> [WHAT YOU NEED TO DO]: The reply should contain the full listing exactly as written and no pictures at all.

> [MATERIAL PROVIDED]:
+++

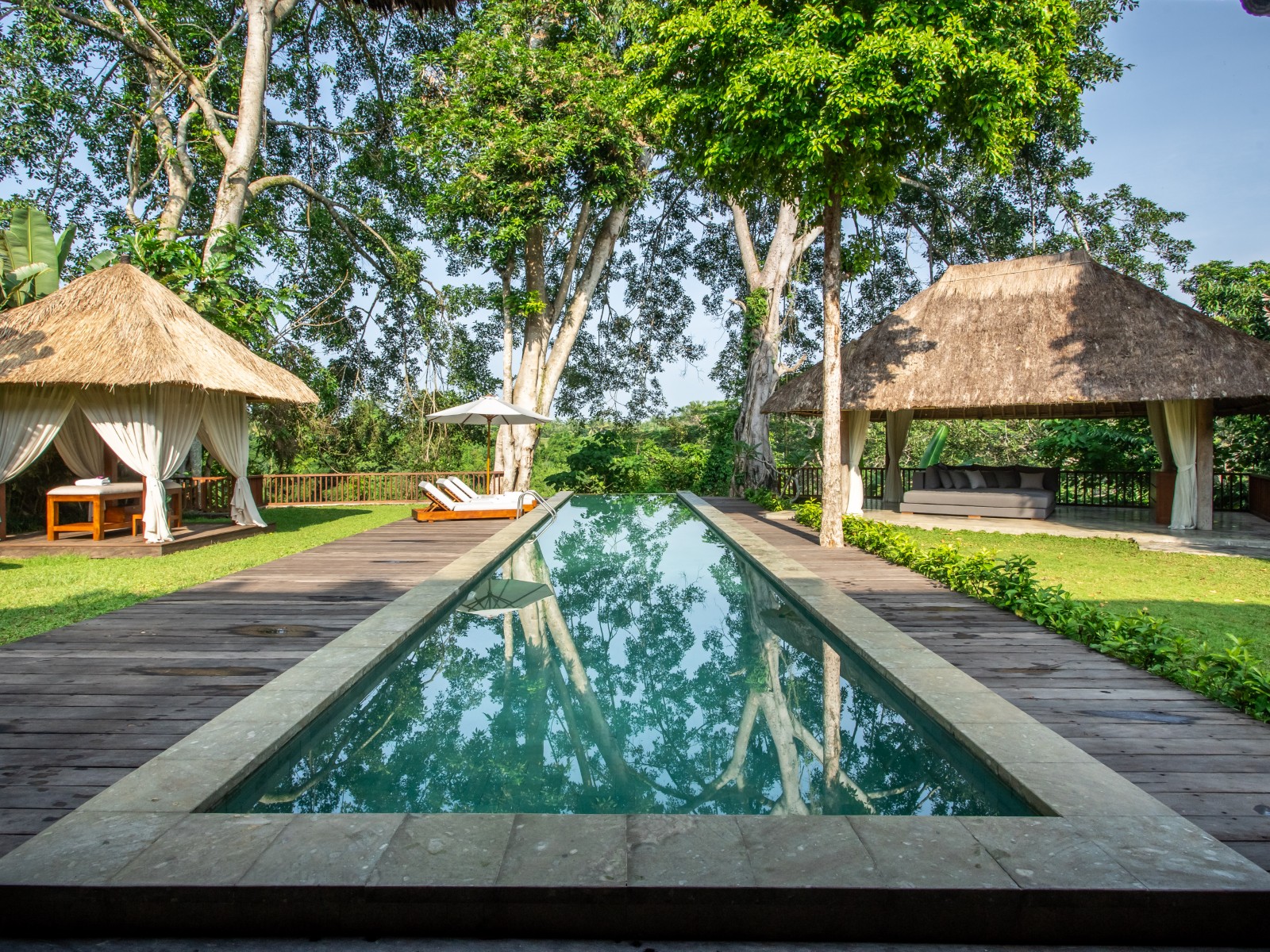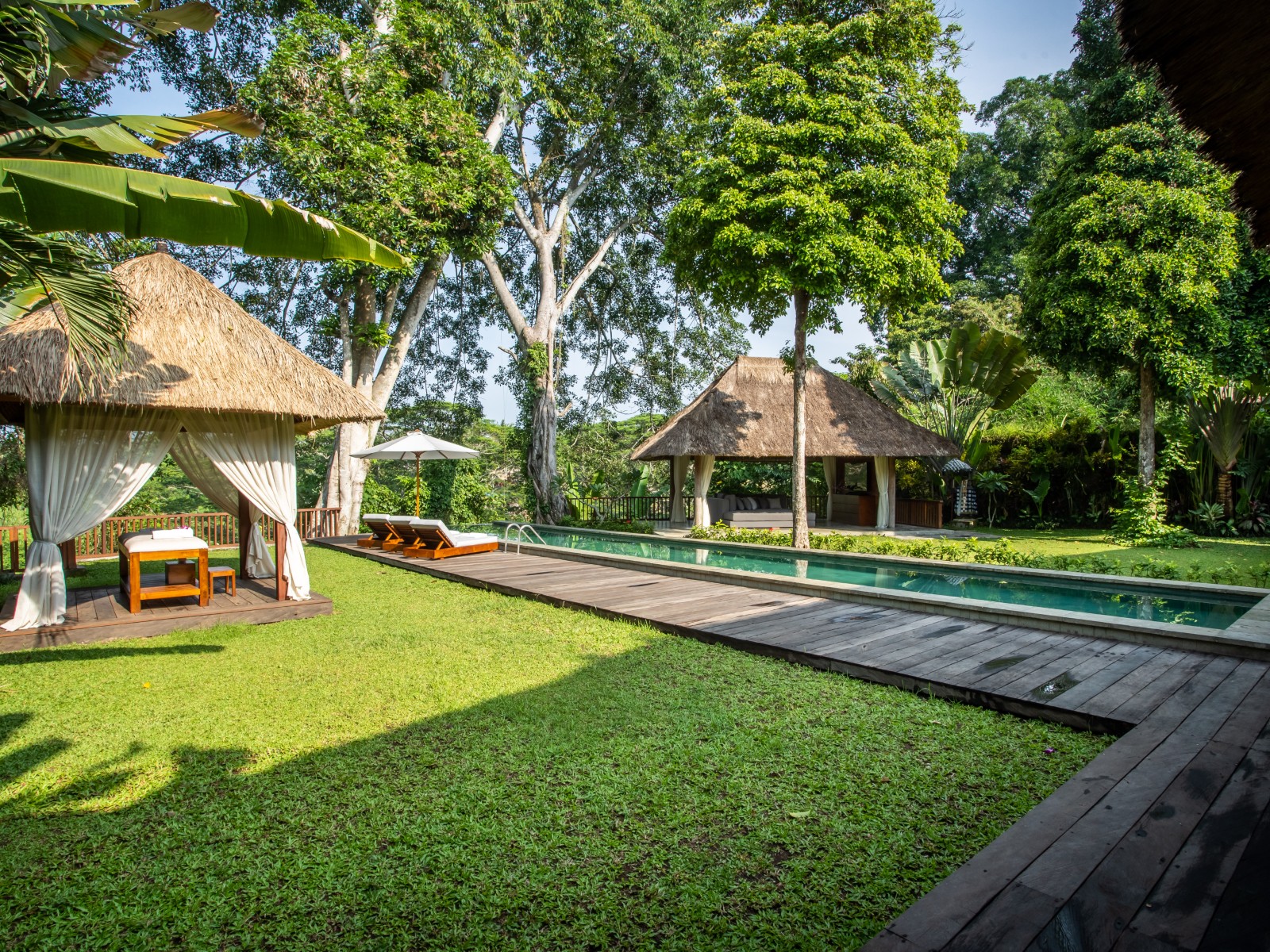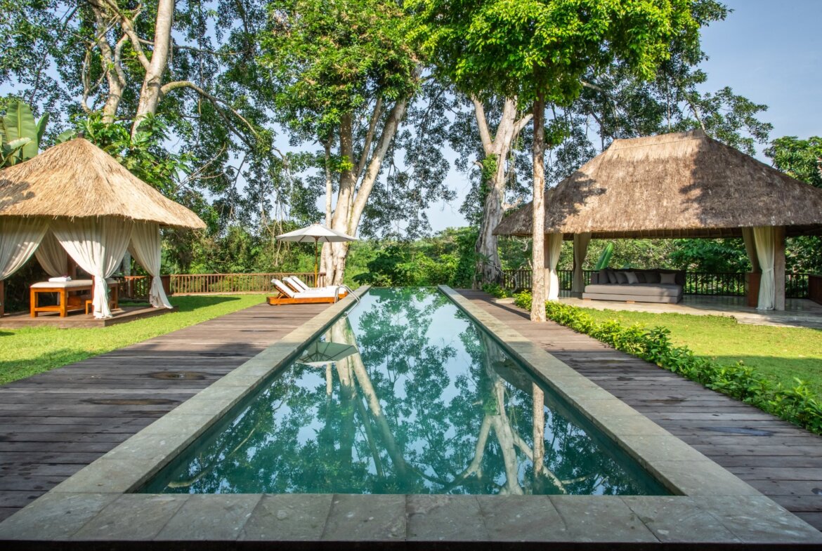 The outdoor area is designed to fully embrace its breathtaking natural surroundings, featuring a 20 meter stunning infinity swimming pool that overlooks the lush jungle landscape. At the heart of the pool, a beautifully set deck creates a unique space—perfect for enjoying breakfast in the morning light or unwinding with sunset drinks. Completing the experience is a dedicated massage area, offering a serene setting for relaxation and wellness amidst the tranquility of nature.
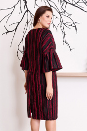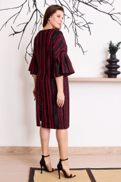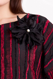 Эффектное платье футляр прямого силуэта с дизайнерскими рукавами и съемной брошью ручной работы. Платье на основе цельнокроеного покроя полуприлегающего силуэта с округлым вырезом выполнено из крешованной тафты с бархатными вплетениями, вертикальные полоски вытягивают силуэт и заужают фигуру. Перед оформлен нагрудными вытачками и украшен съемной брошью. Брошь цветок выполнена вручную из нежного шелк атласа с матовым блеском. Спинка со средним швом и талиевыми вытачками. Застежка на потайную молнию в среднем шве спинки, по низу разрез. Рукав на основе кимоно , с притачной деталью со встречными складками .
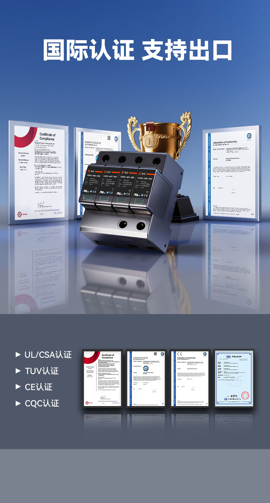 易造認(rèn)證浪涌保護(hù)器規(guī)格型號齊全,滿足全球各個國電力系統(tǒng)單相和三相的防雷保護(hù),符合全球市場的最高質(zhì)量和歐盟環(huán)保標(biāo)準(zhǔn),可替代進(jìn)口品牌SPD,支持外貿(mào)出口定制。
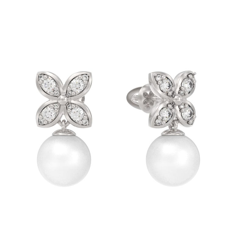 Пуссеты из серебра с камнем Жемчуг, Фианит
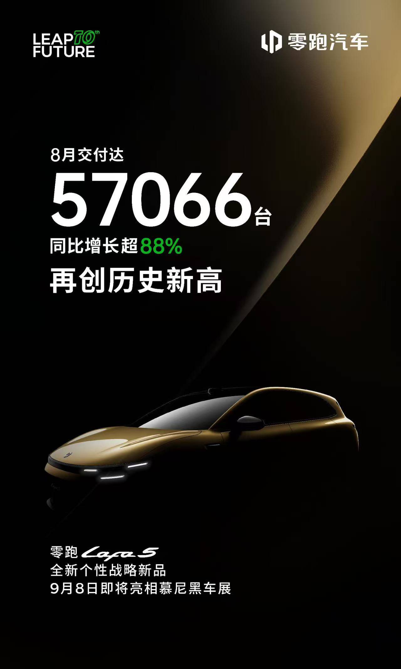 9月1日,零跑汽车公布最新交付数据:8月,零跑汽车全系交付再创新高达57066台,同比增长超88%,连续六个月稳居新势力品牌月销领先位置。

+++

> [RESULT FOR THIS EXERCISE]:
 The outdoor area is designed to fully embrace its breathtaking natural surroundings, featuring a 20 meter stunning infinity swimming pool that overlooks the lush jungle landscape. At the heart of the pool, a beautifully set deck creates a unique space—perfect for enjoying breakfast in the morning light or unwinding with sunset drinks. Completing the experience is a dedicated massage area, offering a serene setting for relaxation and wellness amidst the tranquility of nature.
 Эффектное платье футляр прямого силуэта с дизайнерскими рукавами и съемной брошью ручной работы. Платье на основе цельнокроеного покроя полуприлегающего силуэта с округлым вырезом выполнено из крешованной тафты с бархатными вплетениями, вертикальные полоски вытягивают силуэт и заужают фигуру. Перед оформлен нагрудными вытачками и украшен съемной брошью. Брошь цветок выполнена вручную из нежного шелк атласа с матовым блеском. Спинка со средним швом и талиевыми вытачками. Застежка на потайную молнию в среднем шве спинки, по низу разрез. Рукав на основе кимоно , с притачной деталью со встречными складками .
 易造認(rèn)證浪涌保護(hù)器規(guī)格型號齊全,滿足全球各個國電力系統(tǒng)單相和三相的防雷保護(hù),符合全球市場的最高質(zhì)量和歐盟環(huán)保標(biāo)準(zhǔn),可替代進(jìn)口品牌SPD,支持外貿(mào)出口定制。
 Пуссеты из серебра с камнем Жемчуг, Фианит
 9月1日,零跑汽车公布最新交付数据:8月,零跑汽车全系交付再创新高达57066台,同比增长超88%,连续六个月稳居新势力品牌月销领先位置。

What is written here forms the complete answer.